▸ Task requirements
Find the line below with "参训新生代表庞胤初发表了参训" and the line with "(3)在直线x=1上截取AT". Output them and the lines between, exactly, but not the pictures.

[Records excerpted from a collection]
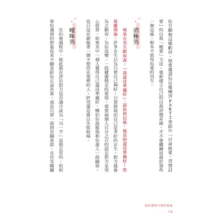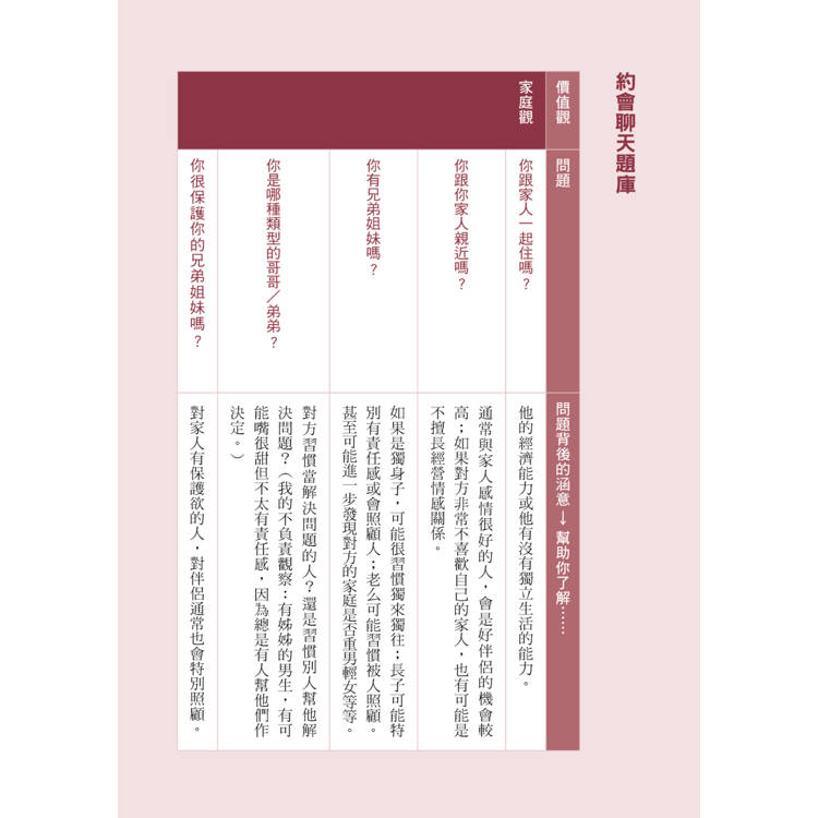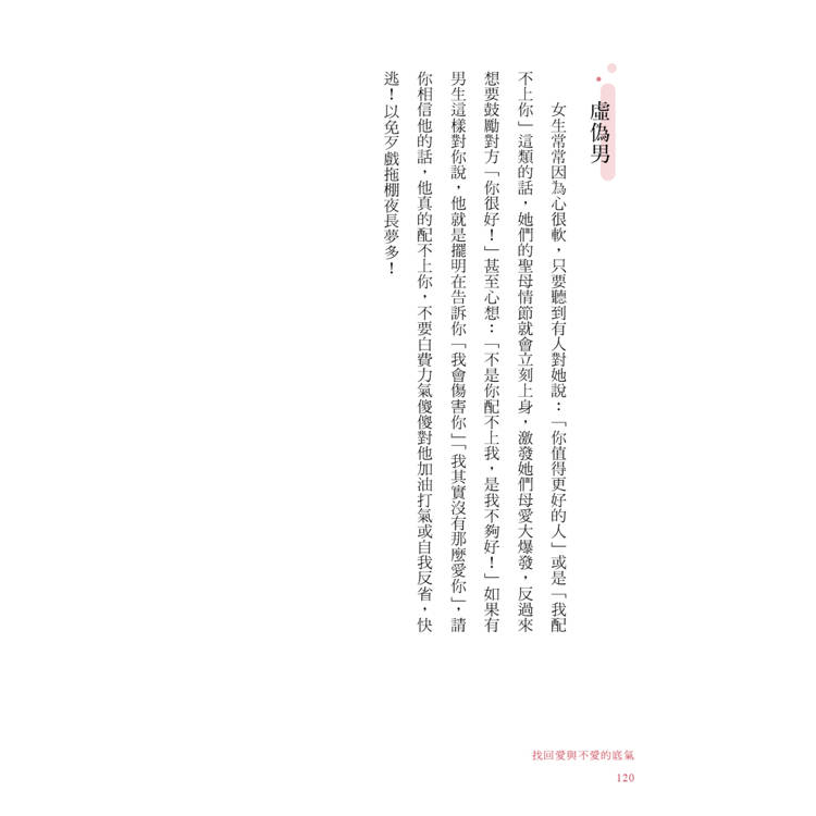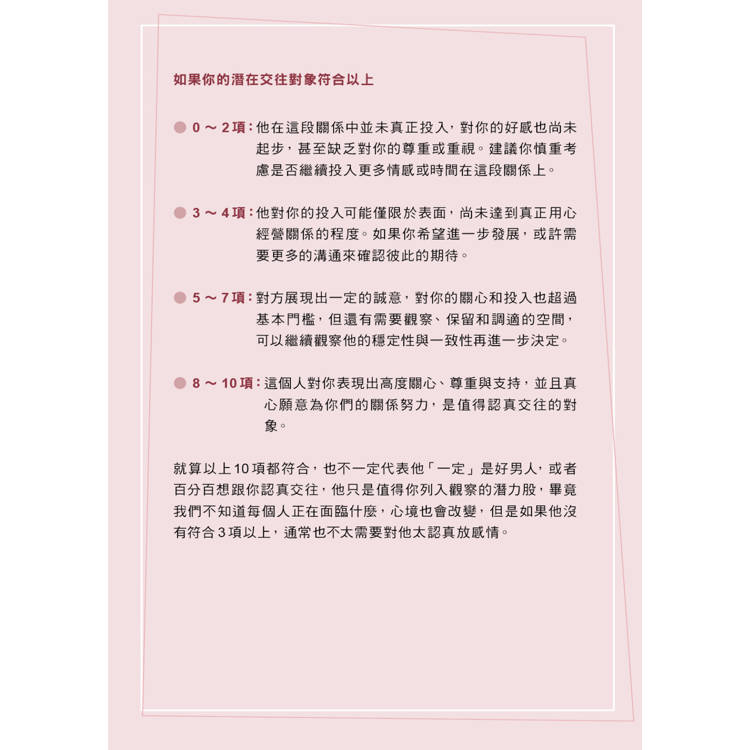 每個人的愛情價值觀會根據各自不同的成長背景、人生歷練、自我價值認同、創傷記憶等等天差地別,在我閱歷了眾多觀點,對於感情各個面向的認知也更寬廣,並且長期進修戀愛學分之後,終於歸納出我認為適合現代女性約會時的心態及行為。本書沒有正確與否,也絕對無法滿足所有人,只是分享適合我目前人生階段的戀愛方式。
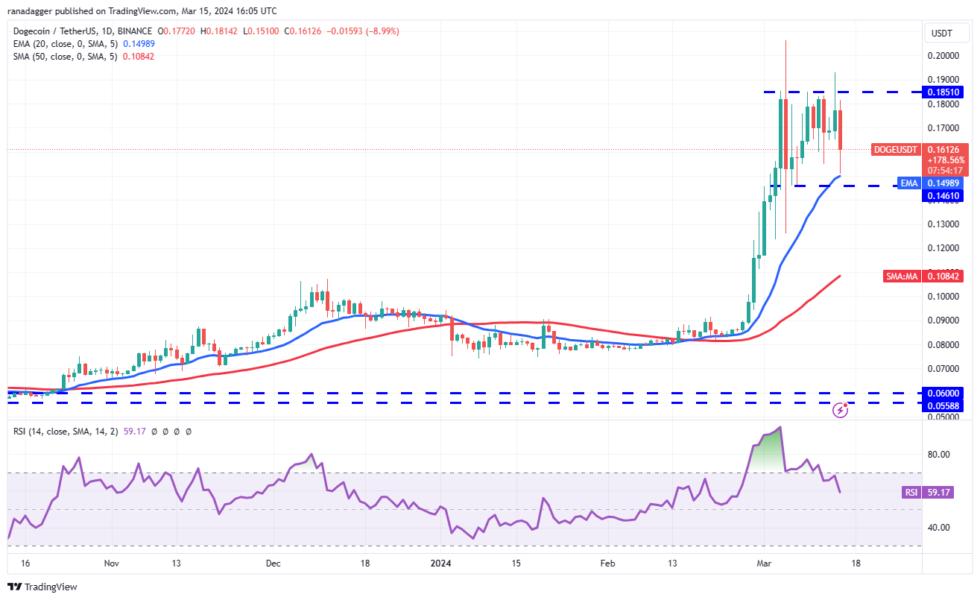 The price turned down sharply and reached the 20-day EMA ($0.15) on March 15. This suggests that the DOGEUSDT pair may remain stuck inside the range for a few more days. A break and close below $0.15 will tilt the advantage in favor of the bears. The pair could then tumble toward $0.12.
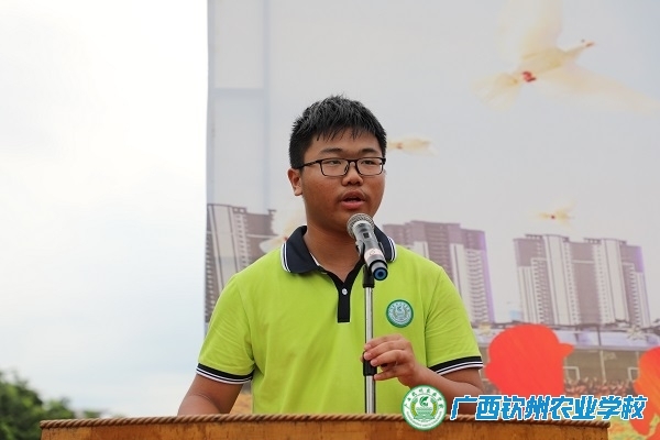 参训新生代表庞胤初发表了参训感言,表达了对学校领导、老师和军训教官的感谢,并表示在今后的中职生活里,会继续发扬军训中铸造的坚强意志、优良作风和刻苦精神,努力争先,创造佳绩。
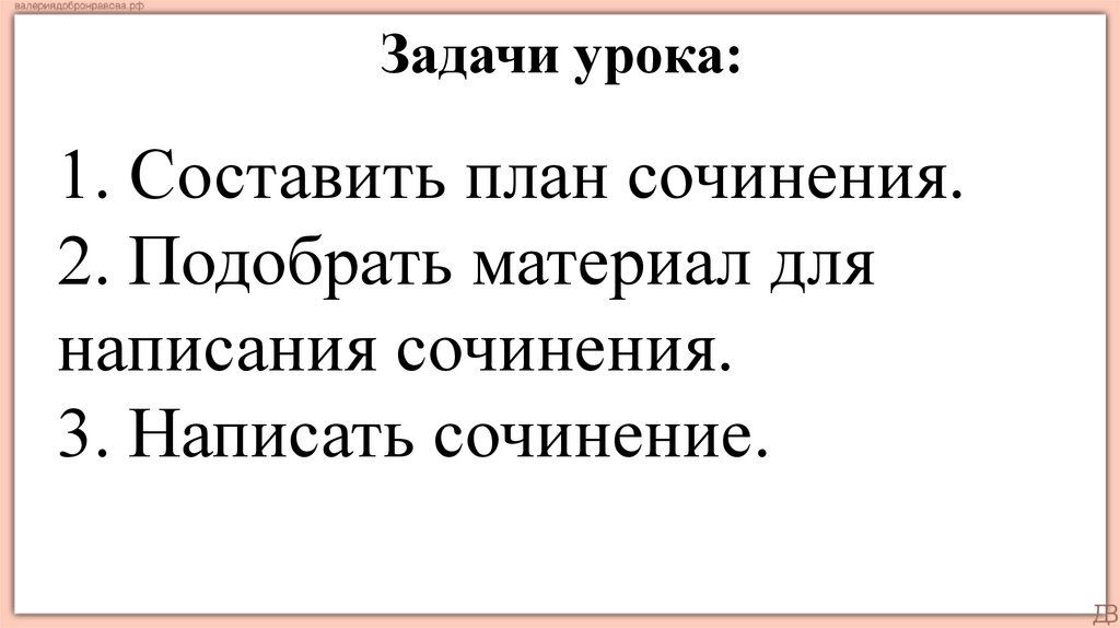 Задачи урока:1. Составить план сочинения.
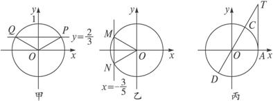 (3)在直线x=1上截取AT=2,其中A的坐标为(1,0),设直线OT与单位圆交于C,D,则OC与OD为角α的终边,如图丙.
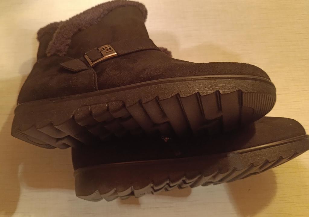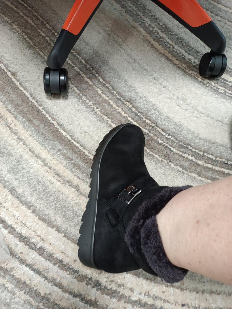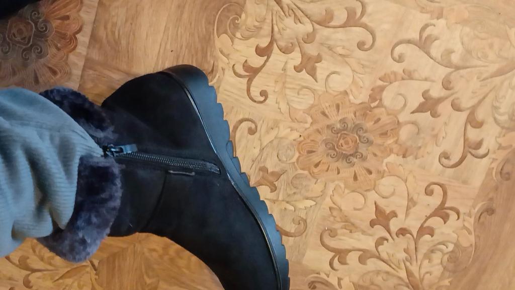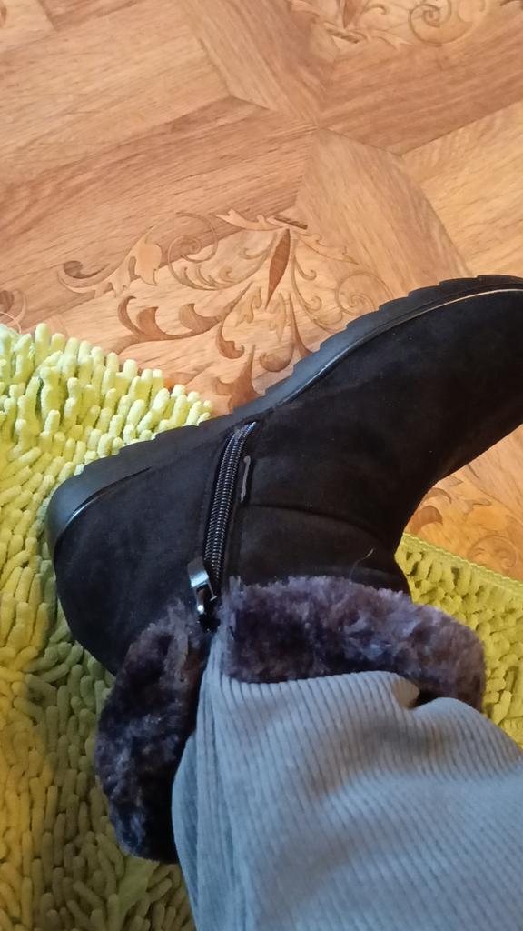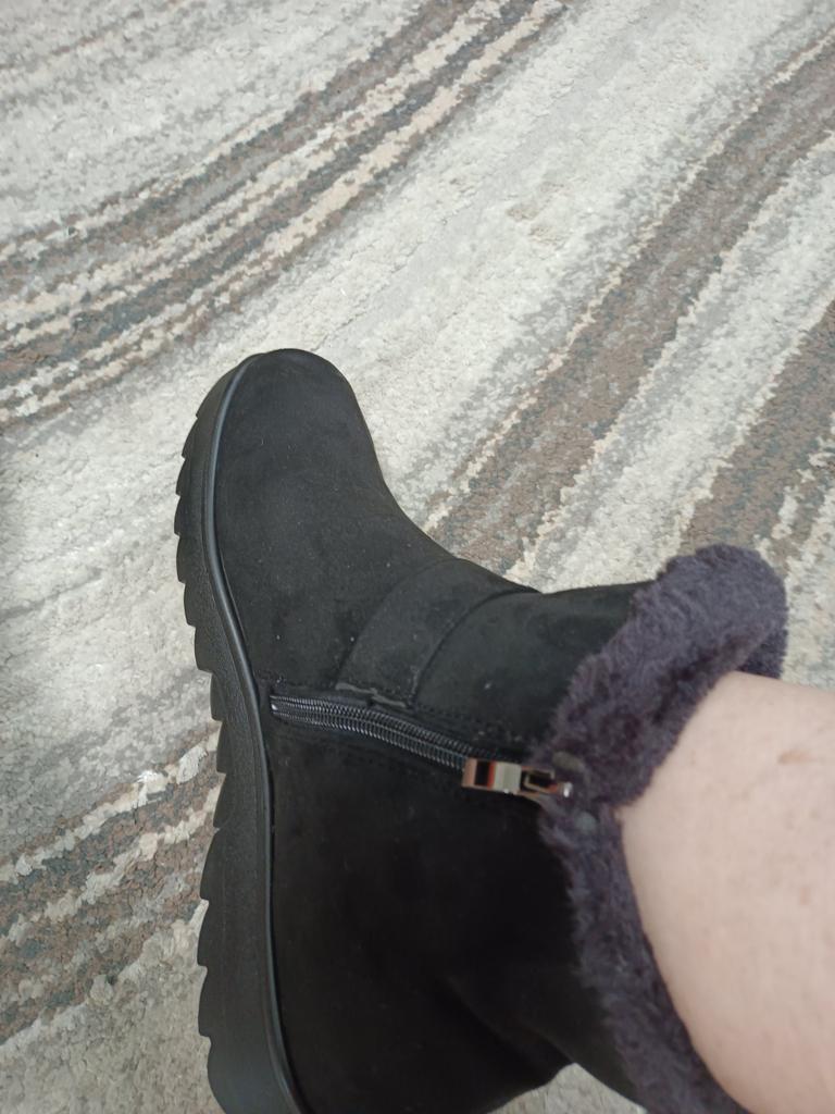 I had serious doubts about whether the boots would suit me, but in vain. Although I have problematic feet, wide and with a bunion, I wear size 41, I bought 43, focusing on the foot length of 26.5. They fit perfectly, soft, comfortable, will be good for dry weather in spring or autumn. I recommend them to everyone, inexpensive, look good.
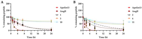 We determined resistance to proteolysis for linear 1 and 2, lactam 3 and 4 and hydrocarbon 10 and 11 staple peptides by incubating the compounds for 24 h in rat plasma at 37 °C and recording degradation using UPLC-MS (Figure 7). As a reference control, we used a well-characterized 13-mer peptide known as Apelin-13 [67], which possesses a short in vitro half-life (t1/2). Additionally, Angiotensin II (AngII), an upregulator of hACE2 expression in human bronchial cells [68], is an important factor in coronavirus disease (COVID-19) lung infections and has a half-life of 4.2 h in rat plasma. Linear peptides 1 and 2 both exhibited levels of degradation similar to those of 8-amino acid-long AngII.
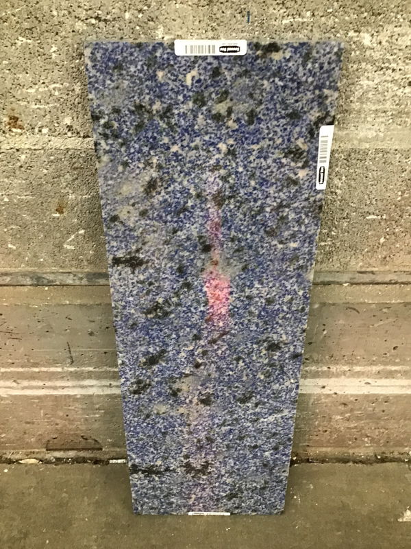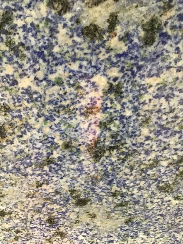 Simply gorgeous! Unusual and distinctive blue granite from Bahia, Brazil. This rectangle is polished on one side, but edges are unfinished. Has some dollops of mortar and adhesive on back side.
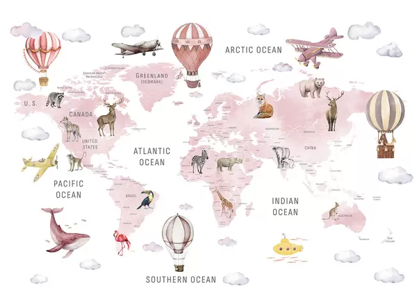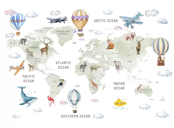 Τοιχογραφίες Παιδικός χάρτης σε στυλ ακουαρέλας με ζώα και αερόστατα. Αγγλική γλώσσα. Μπεζ χρώμα. Nr. c00001env2

▸ Solution to this problem
 参训新生代表庞胤初发表了参训感言,表达了对学校领导、老师和军训教官的感谢,并表示在今后的中职生活里,会继续发扬军训中铸造的坚强意志、优良作风和刻苦精神,努力争先,创造佳绩。
 Задачи урока:1. Составить план сочинения.
 (3)在直线x=1上截取AT=2,其中A的坐标为(1,0),设直线OT与单位圆交于C,D,则OC与OD为角α的终边,如图丙.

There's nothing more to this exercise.